Hierarchical modelling can be seen as a middle-ground between pooling all measurements together and creating separate regressions for treatment groups. It is distinct from empirical Bayes since we are no longer estimating hyperpriors but are modelling their uncertainty through a hyperprior distribution.
Through such a design we impose a model structure with our assumptions that our treatment groups of observations are related to one another. Depending on the scenario this can be sensible, say justified using the biological concept of common descent. Everything we use to justify our model structure comes from assumptions extrinsic to the data — domain knowledge — that we still have to qualitatively and quantitatively verify. There is no free lunch; we have to describe our assumptions explicitly and encode them in the model structure or in the probability distributions used e.g. you might ultimately justify a parsimonious model following Occam’s razor.
“All models are wrong, but some are useful” — George E. P. Box
2. “Rare species are not alone”
When we have a new sample for which we have very few observations we are able to borrow evidence from the rest of the population to make more tightly-bound inferences about the new sample. In some cases the collection of new data is simply not feasible e.g the beak length of a new rare species of bird.
A non-hierarchical design in this scenario will give a nonsensically wide credible interval (characterised by the high posterior density [HPD] interval) for a rare species. This is because we impose identical uninformative priors on each species that “let the data speak for itself” thus leaving us with large uncertainties. In the non-hierarchical case, the prior parameters are point estimates and not drawn from a parent distribution.
3. “The generative story” and “information pooling”
The generative story is as follows: the population as a whole has a parental hyperprior distribution that constrains the region from which the prior parameters of individual species are drawn (independently). Ultimately all the data influences estimates from global hyperprior distributions which in turn influence the individual estimates and this manifests with the aforementioned shrinkage effect. We could justify this assumption of underlying similarity in this case by deferring to common ancestry, or when inferring the bias of different coins produced by the same mint.
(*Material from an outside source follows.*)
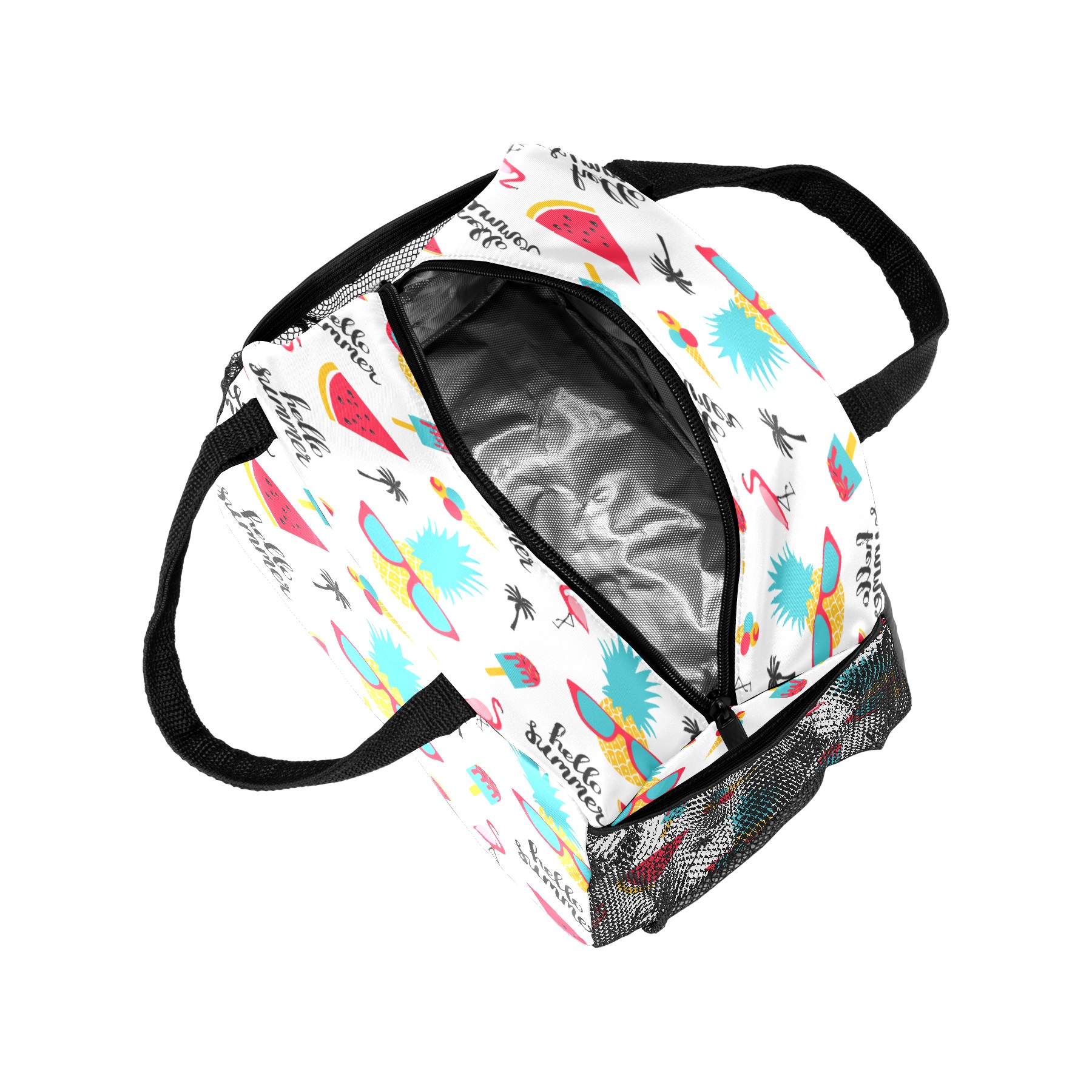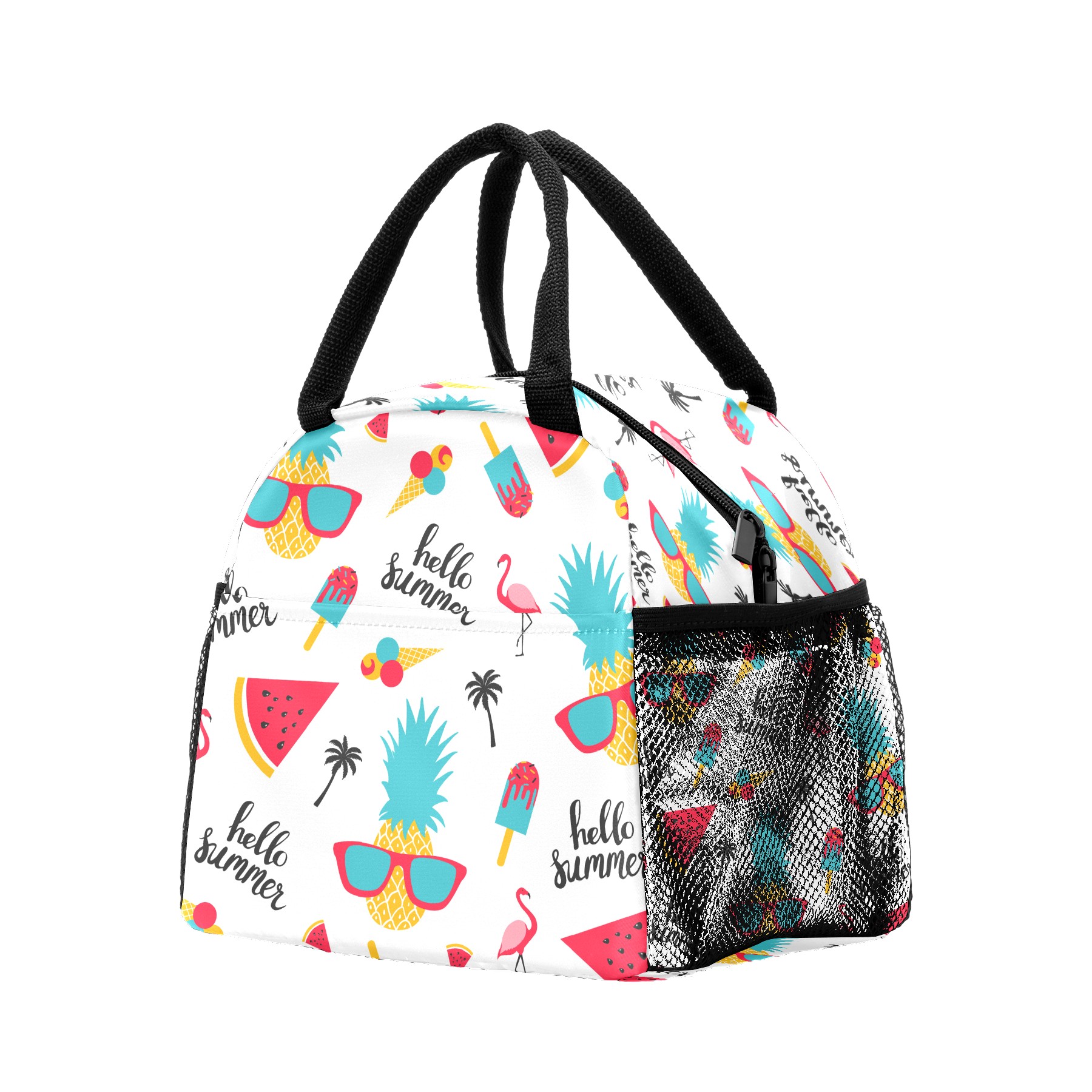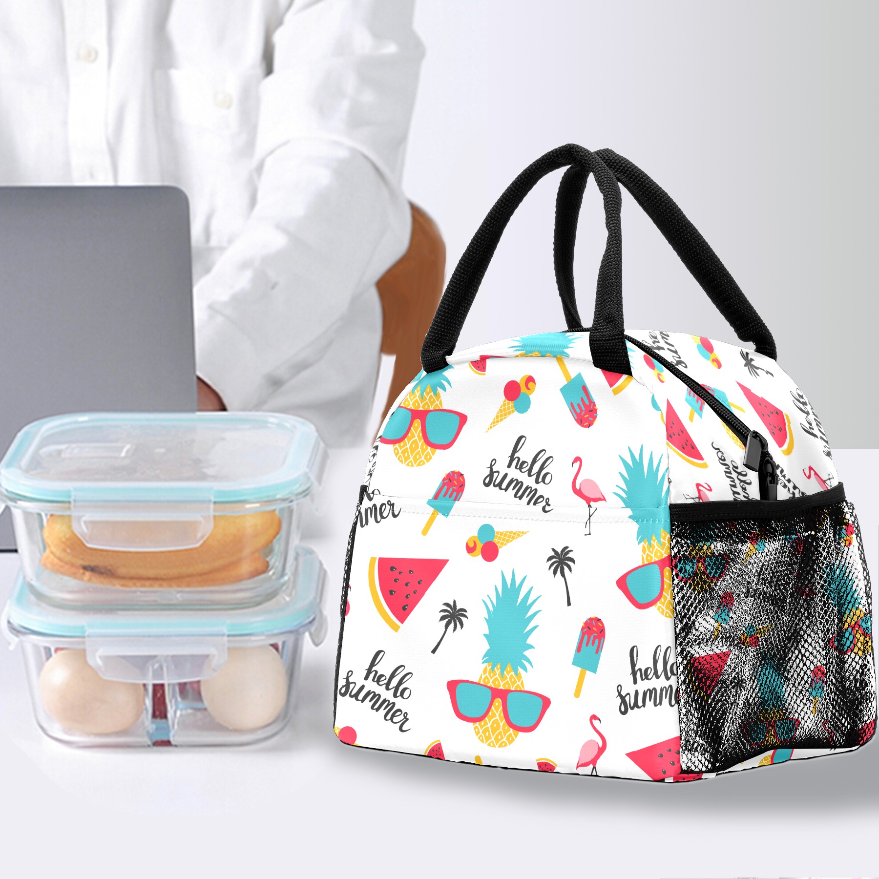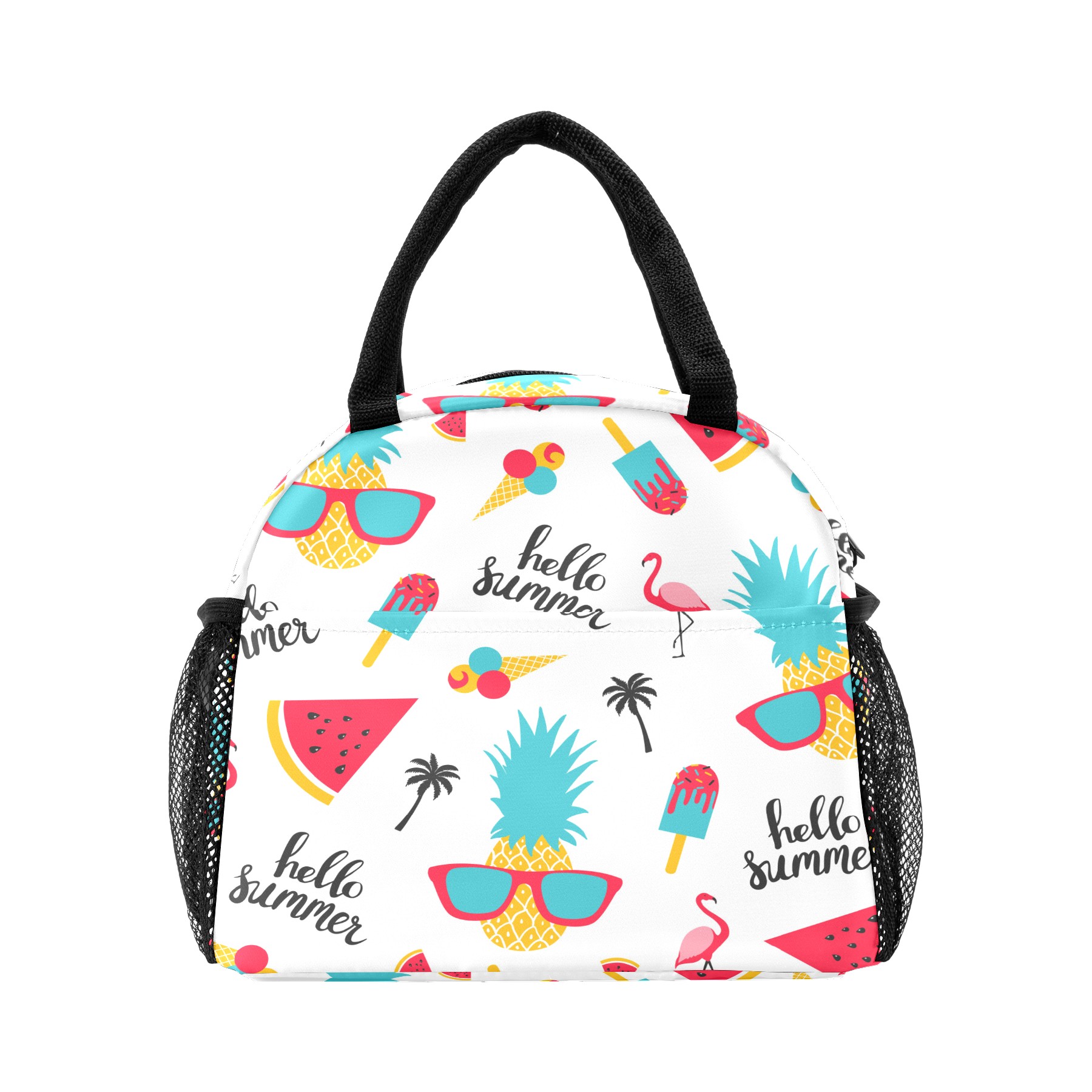 Lunch Bag for Women Men, Hello Summer Pineapple Flamingo Watermelon Insulated Reusable Lunch Box Thermal Cooler Tote Bag for Work Picnic Hiking Travel Beach
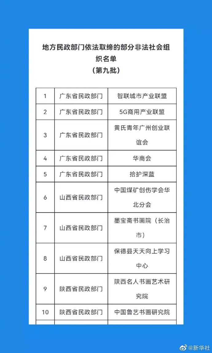 民政部17日公布第九批地方民政部門依法取締的部分非法社會(huì)組織名單。包括5G商用產(chǎn)業(yè)聯(lián)盟、華商會(huì)等28家非法社會(huì)組織“上榜”。民政部再次提醒有關(guān)機(jī)構(gòu)和社會(huì)公眾,在與社會(huì)組織開展合作或參與其活動(dòng)時(shí),請(qǐng)通過“中國(guó)社會(huì)組織政務(wù)服務(wù)平臺(tái)”(www.chinanpo.gov.cn)、“中國(guó)社會(huì)組織動(dòng)態(tài)”政務(wù)微信(微信號(hào):chinanpogov)核實(shí)其身份,避免上當(dāng)受騙。同時(shí),歡迎社會(huì)各界通過“中國(guó)社會(huì)組織政務(wù)服務(wù)平臺(tái)”提供涉嫌非法社會(huì)組織活動(dòng)線索。(記者高蕾)

If the individual prior parameters are strongly dependent on the shared hyperprior (a strong correlation), the posterior of the smaller N species are strongly influenced by the data from the larger N species (see Appendix C).
If we were to simplify the above chain of dependencies such that only μ depended on a hyperprior (i.e. take the central chain only) for each species we would get the joint posterior:
P(σ,μ|y) ∝ P(y|σ,μ)P(σ,μ) = P(y|μ)P(μ|σ)P(σ)
- By the definition of a hierarchical model we have a factorised chain of dependencies, one for each distribution in the chain
- The data y only depend μ — when μ is set then the data are independent of all other parameter values. In other words the likelihood function P(y|μ) does not involve σ, by model definition. Similarly the value of μ is independent of other parameters once σ is set.